Все так же кутаясь в плащ и надвинув капюшон, Лекс отправился в тыл. Шел быстро, не останавливаясь. Чтобы не встретиться с патрулем, который потребует назваться и предъявить ночной пропуск, двигался не по дороге и не по улицам, а через развалины. Из них теперь состоял весь город. Уцелевшие дома попадались редко.
Вели Бланка умело. Обнаружить слежку он так и не смог. Но что она есть, не сомневался.
Из-за петляний по пепелищам Лекс добирался до Николаевской казармы целый час.
Там обретался второй фактор, сделавший возможным сегодняшнее предприятие. Арчибальд Финк — идеальная мишень для подозрений: англоязычный, прыткий, примерно такого же роста и комплекции.
Только сегодня наконец совпало, что идет сильный дождь, а Финк дежурит в лазарете на Южной стороне.
Лекс заглянул в операционную, кивнул склонившемуся над раненым американцу. Тот приветливо заулыбался, показал, что скоро заканчивает.

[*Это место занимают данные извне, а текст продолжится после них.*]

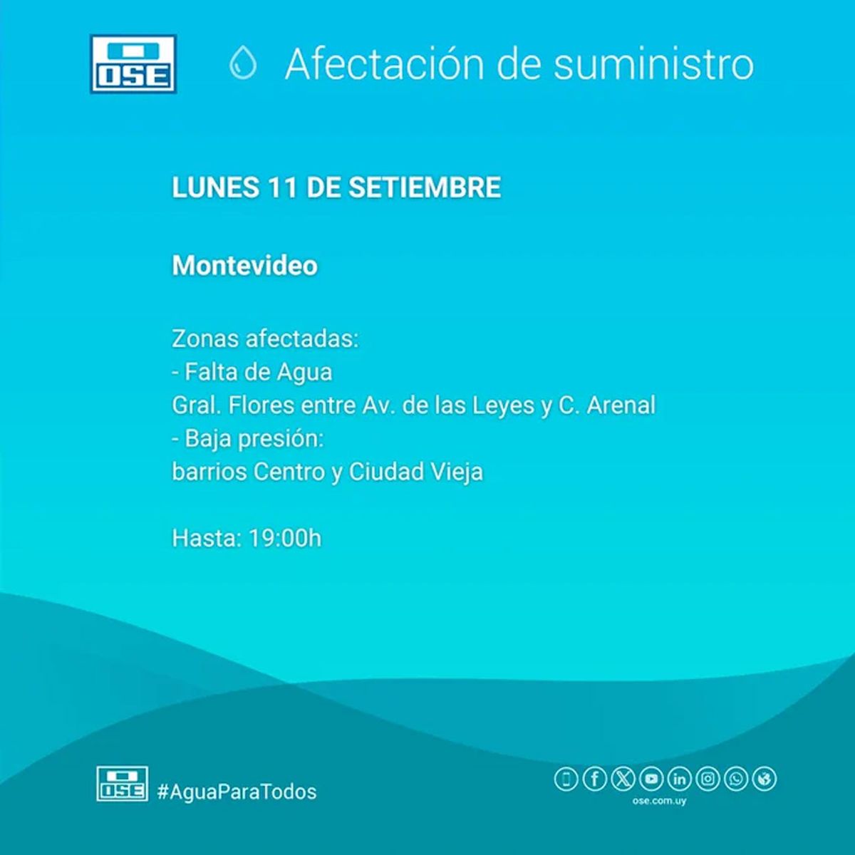 Cerca de las 13:30 horas OSE publicó un comunicado sobre la rotura del caño troncal en el que advierte que el Centro y la Ciudad Vieja tendrán baja presión de agua hasta la hora 19 de este lunes.

Сели рядом. Закурили. Как все самодовольные люди, Финк больше всего любил поговорить о себе и своих жизненных планах. Такому человеку довольно задать какой-нибудь вопрос про его дела и потом можно долго молчать, только поддакивать.

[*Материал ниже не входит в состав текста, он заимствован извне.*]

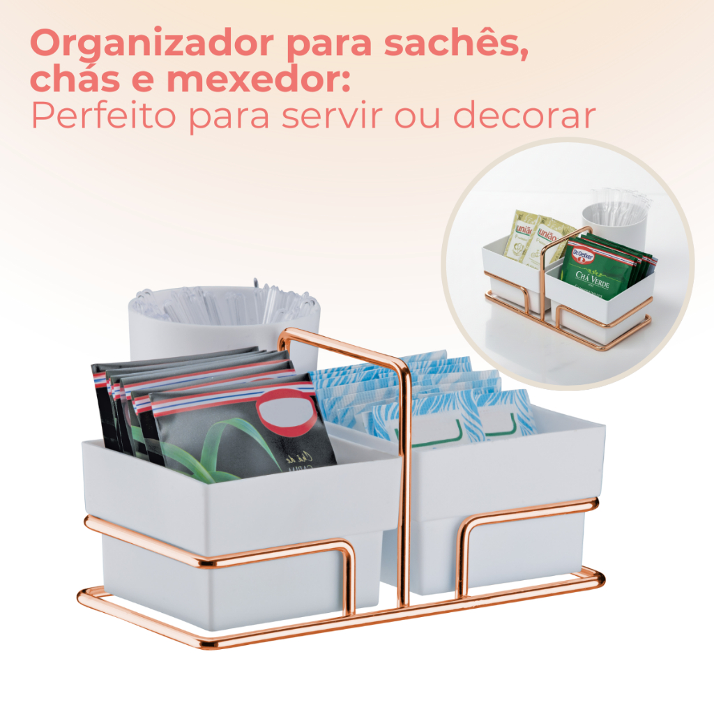 Organizador Para Saches De Açúcar Adoçante Mexedor Chá Café De Bancada Rose Gold
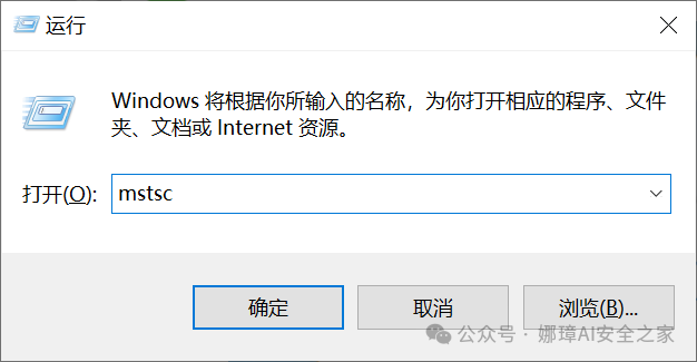 接着打开远程控制的电脑Win10系统,在运行中输入“mstsc”。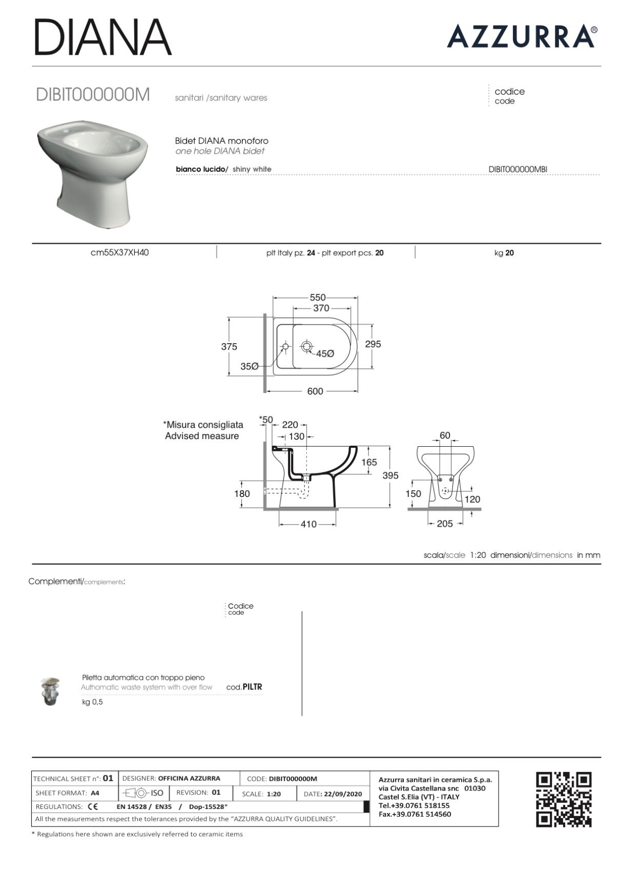 Realizzato in ceramica sanitaria di alta qualità, il bidet garantisce resistenza, affidabilità ed elevati standard igienici. Le superfici lisce e compatte facilitano la manutenzione quotidiana, offrendo comfort e praticità nell’uso.

— Отчего вы не поступили врачом в британскую армию? Не было бы трудностей с языком.
— Многие об этом спрашивают, — засмеялся Финк. — Это они еще не знают, что я прошел дополнительный курс полевой хирургии в Оксфорде. От русских сие обстоятельство я утаиваю, не то они с их византийской подозрительностью еще вообразят, будто я английский шпион. Вам-то могу рассказать, вы настоящий космополит. Кстати говоря, где вы научились английскому? Выговор прямо оксфордский.
Итонский, мысленно поправил Лекс. На вопрос можно было не отвечать. Американец уже рассказывал дальше.
— Понимаете, у англичан хватает собственных хирургов. А здесь я в среднем делаю по двадцать операций в день. Очень надеюсь, что случится большое сражение или генеральная бомбардировка. Тогда работы будет еще больше. Если война продлится полгода, у меня в послужном списке накопится три или четыре тысячи операций!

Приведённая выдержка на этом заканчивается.